→ **Exercise**: Note on the material below: return exactly the lines from the line that holds "When you click" through the line that holds "色鮮やかなメロンクリームソー", and leave out each picture.

→ **Material for this exercise**:
────────────────

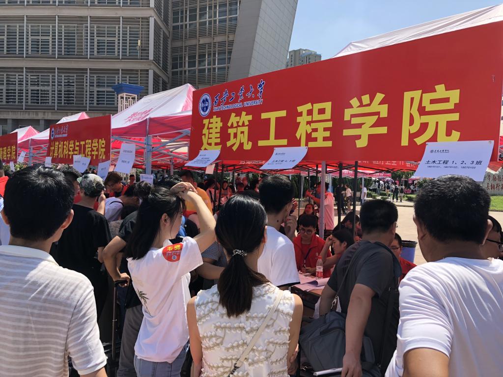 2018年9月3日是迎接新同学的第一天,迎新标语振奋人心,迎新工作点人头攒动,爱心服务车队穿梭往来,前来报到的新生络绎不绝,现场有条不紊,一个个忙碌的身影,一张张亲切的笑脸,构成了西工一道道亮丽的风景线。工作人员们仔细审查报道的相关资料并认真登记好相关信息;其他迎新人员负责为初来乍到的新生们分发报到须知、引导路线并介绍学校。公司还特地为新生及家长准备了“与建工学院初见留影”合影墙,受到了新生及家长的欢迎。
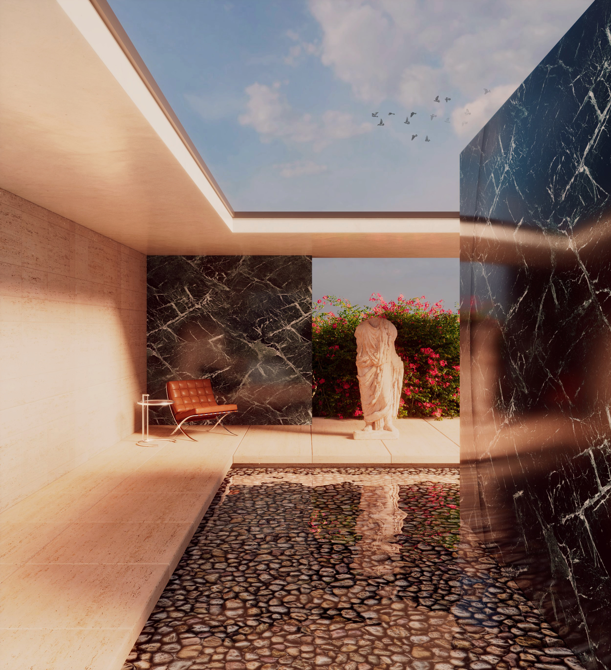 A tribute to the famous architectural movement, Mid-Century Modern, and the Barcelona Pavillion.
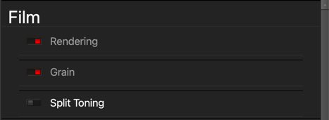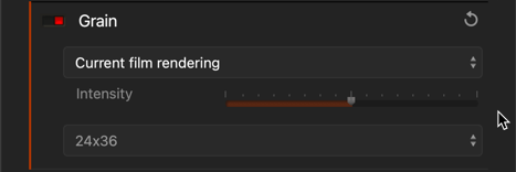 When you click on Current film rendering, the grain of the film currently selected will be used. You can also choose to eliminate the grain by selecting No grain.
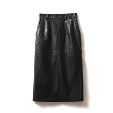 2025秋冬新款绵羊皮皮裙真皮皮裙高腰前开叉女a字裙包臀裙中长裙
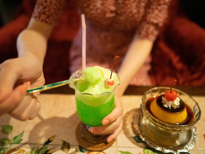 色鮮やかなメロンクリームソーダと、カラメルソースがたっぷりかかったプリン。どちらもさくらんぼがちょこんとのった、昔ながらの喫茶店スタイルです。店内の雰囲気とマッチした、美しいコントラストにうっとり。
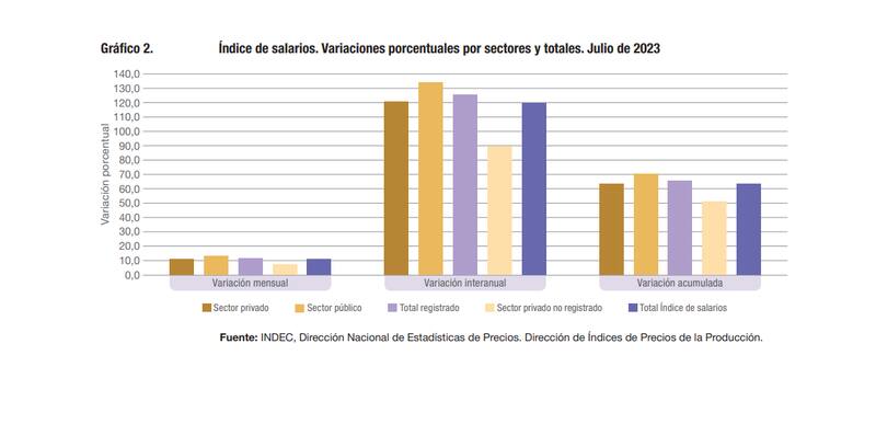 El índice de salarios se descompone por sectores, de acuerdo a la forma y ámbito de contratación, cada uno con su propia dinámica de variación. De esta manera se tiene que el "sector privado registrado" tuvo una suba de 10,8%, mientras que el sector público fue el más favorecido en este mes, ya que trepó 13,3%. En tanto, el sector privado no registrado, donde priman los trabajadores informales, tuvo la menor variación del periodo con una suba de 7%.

────────────────

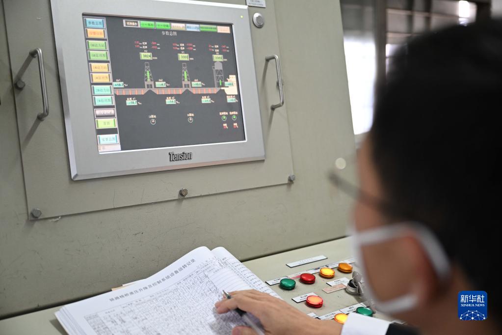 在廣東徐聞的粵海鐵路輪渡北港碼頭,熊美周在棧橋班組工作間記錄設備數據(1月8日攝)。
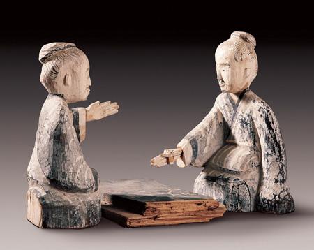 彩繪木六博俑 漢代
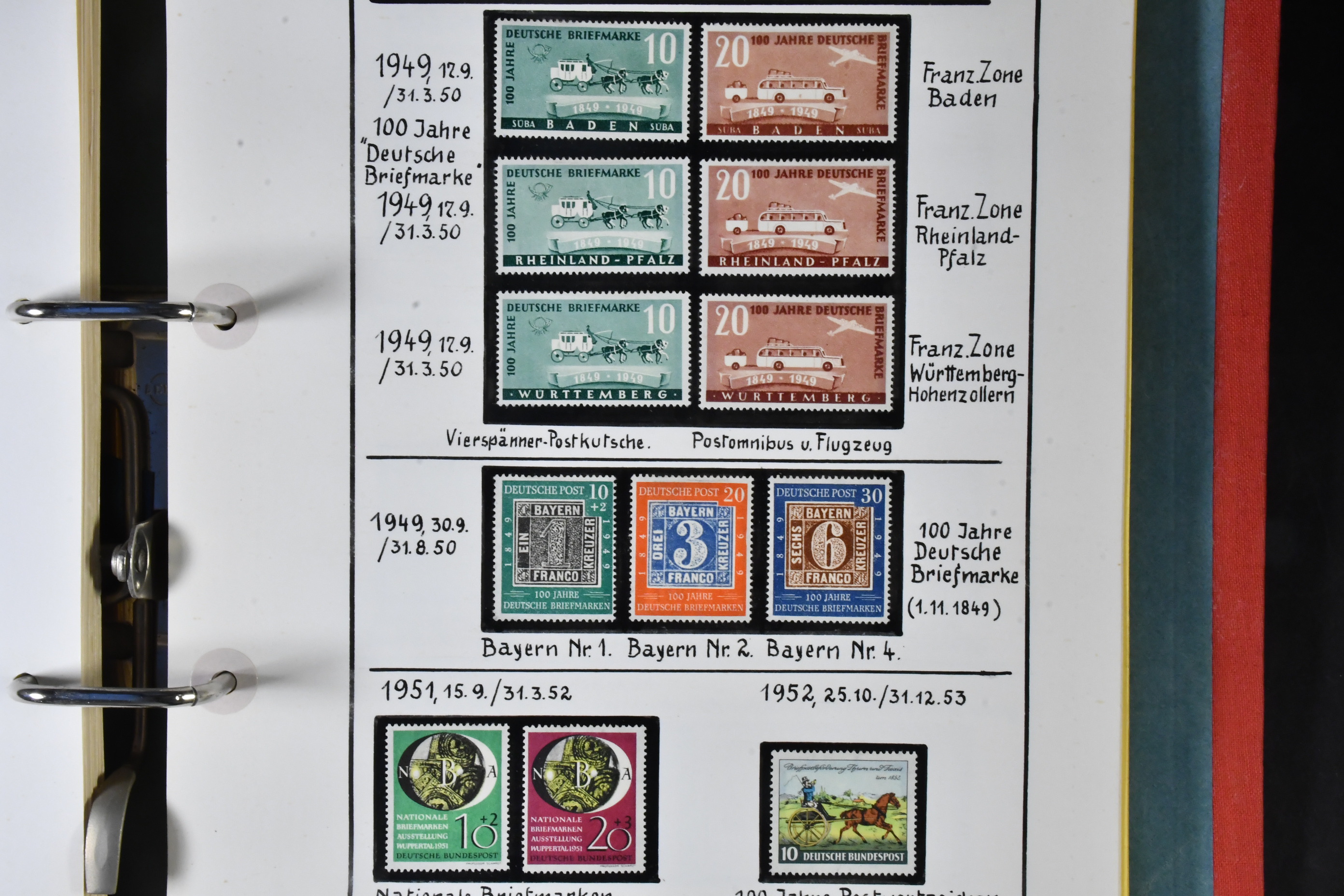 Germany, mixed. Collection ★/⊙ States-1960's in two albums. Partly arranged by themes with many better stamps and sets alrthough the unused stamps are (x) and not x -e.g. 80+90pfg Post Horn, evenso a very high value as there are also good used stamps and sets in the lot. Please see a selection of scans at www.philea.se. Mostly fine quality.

────────────────

→ **Final answer**:
 When you click on Current film rendering, the grain of the film currently selected will be used. You can also choose to eliminate the grain by selecting No grain.
 2025秋冬新款绵羊皮皮裙真皮皮裙高腰前开叉女a字裙包臀裙中长裙
 色鮮やかなメロンクリームソーダと、カラメルソースがたっぷりかかったプリン。どちらもさくらんぼがちょこんとのった、昔ながらの喫茶店スタイルです。店内の雰囲気とマッチした、美しいコントラストにうっとり。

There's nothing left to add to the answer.